FAQs

CANfrag

1. How to manage concentration of sperm while processing the sample for evaluation of DNA fragmentation?
If the sperm count in the semen sample is more, than dilute the sample with Phosphate Buffer Saline (PBS) or sperm preparation media to the concentration about 15-20 million per ml. And if the count is less, then centrifuge the semen sample at 800-1000 rpm for 10 minutes and then proceed for slide preparation.

2. What type of semen sample can be analysis with the help of this kit?
The kit is applicable to fresh, raw, diluted, frozen/thawed and processed semen sample.

3. How to maintain prescribed temperature during the slide preparation?
To maintain 90°C for melting of gel one can use boiling water bath or dry bath and to maintain 22°C cooling plates.

4. How to prevent solidification of gel in Agarose gel tube?
After heating the gel tube at 90°C, do not allow the gel temperature to go below 37°C, as gel has the property to get solidify when it gets cool down after digestion. Proceed for slide preparation immediately, when the vial temperature reaches nearly 37°C.

5. How to maintain integrity of gel during procedure?
Uneven gel distribution and bubble formation on the slide while placing the coverslip may disturb the integrity of the gel.
After placing sample over the slide maintain proper temperature and time to get the gel solidify properly.
Jerky overlay of the solution might affect the integrity of the gel so gently overlay the solution.

6. How to manage staining of the slide?
Always prepare fresh stain before proceeding for slide staining. If the staining is too dark then destain the slide completely with 100% ethanol, air dry and again stain by decreasing the time for staining but maintaining rest of the conditions same. If the staining is light then destain the slide with 100% ethanol and then restain by increasing the time for staining.

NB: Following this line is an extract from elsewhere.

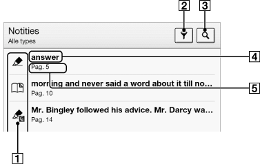 Gebruik de [Alle notities]-applicatie om alle annotaties in alle boeken en periodieken te zoeken, te sorteren en weer te geven. Raadpleeg Details.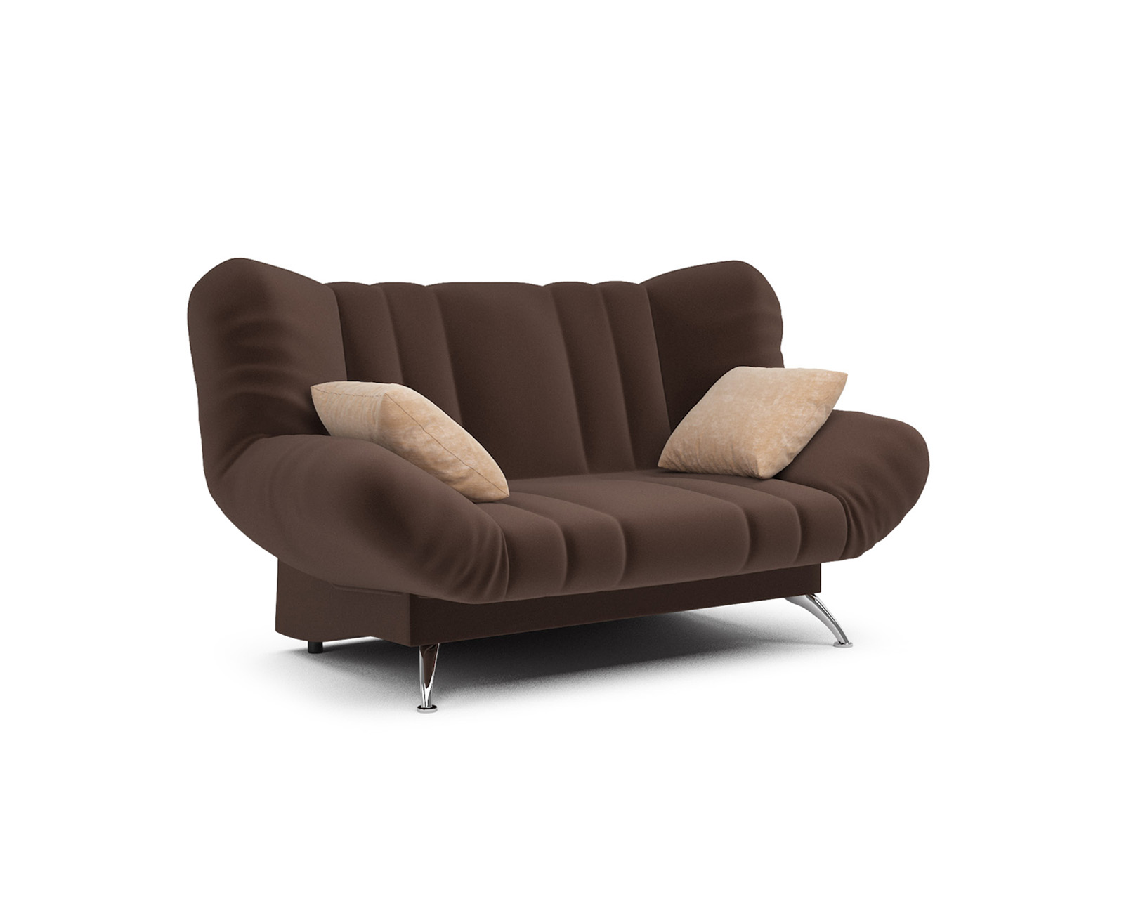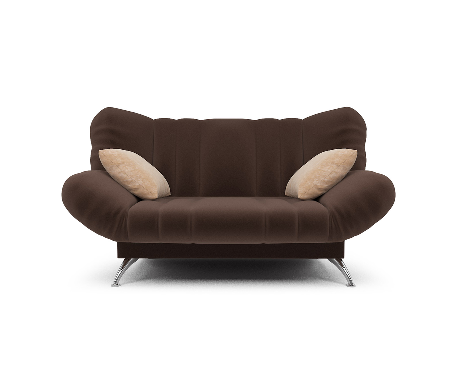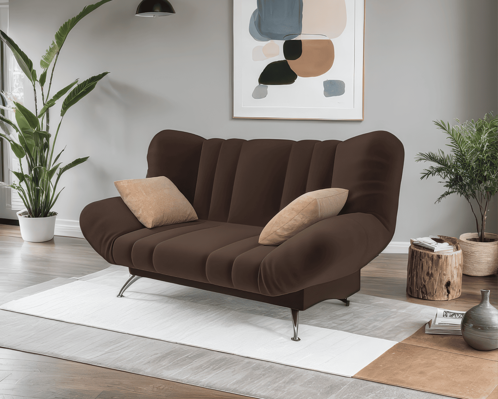 Высокие металлические ножки придают дивану современный и стильный вид, что делает его отличным акцентом в интерьере. Две декоративные подушки добавляют дополнительный комфорт и приятные акценты.

7. What could be the reason for no halo observed after slide preparation?
Avoid adding of semen sample when the gel in Agarose Gel Tube is too hot as high temperature affects DNA of the sperms. Also avoid vigorous mixing of the semen sample and bubble formation in gel as it generates stress which ultimately affects the integrity of DNA.

8. What is DNA Fragmentation Index (DFI)?
DFI (DNA Fragmentation Index) is the ratio expressed as percentage of sperm having fragmented DNA to the total sperm count.DNA fragmentation in sperm may be a cause of male infertility which cannot be detected by routine semen parameters like sperm concentration, motility analysis and morphology assessment.

9. How to calculate Sperm DNA Fragmentation (SDF) Value?
Following equation can be used to calculate SDF value:
SDF Value (%) = (Number of fragmented Sperms scored / Total number of Sperms scored) X 100

10. How to interpret the SDF value obtained after slide scored?
The values obtain after SDF calculation must correspond with the earlier clinical and laboratory findings of the respective semen sample.

SDF % Interpretation
≤ 15% Excellent to Good sperm DNA integrity
> 15% to ≤ 30% Good to Fair sperm DNA integrity
> 30% Fair to very Poor sperm DNA integrity

The above interpretation range is based on SCSA method.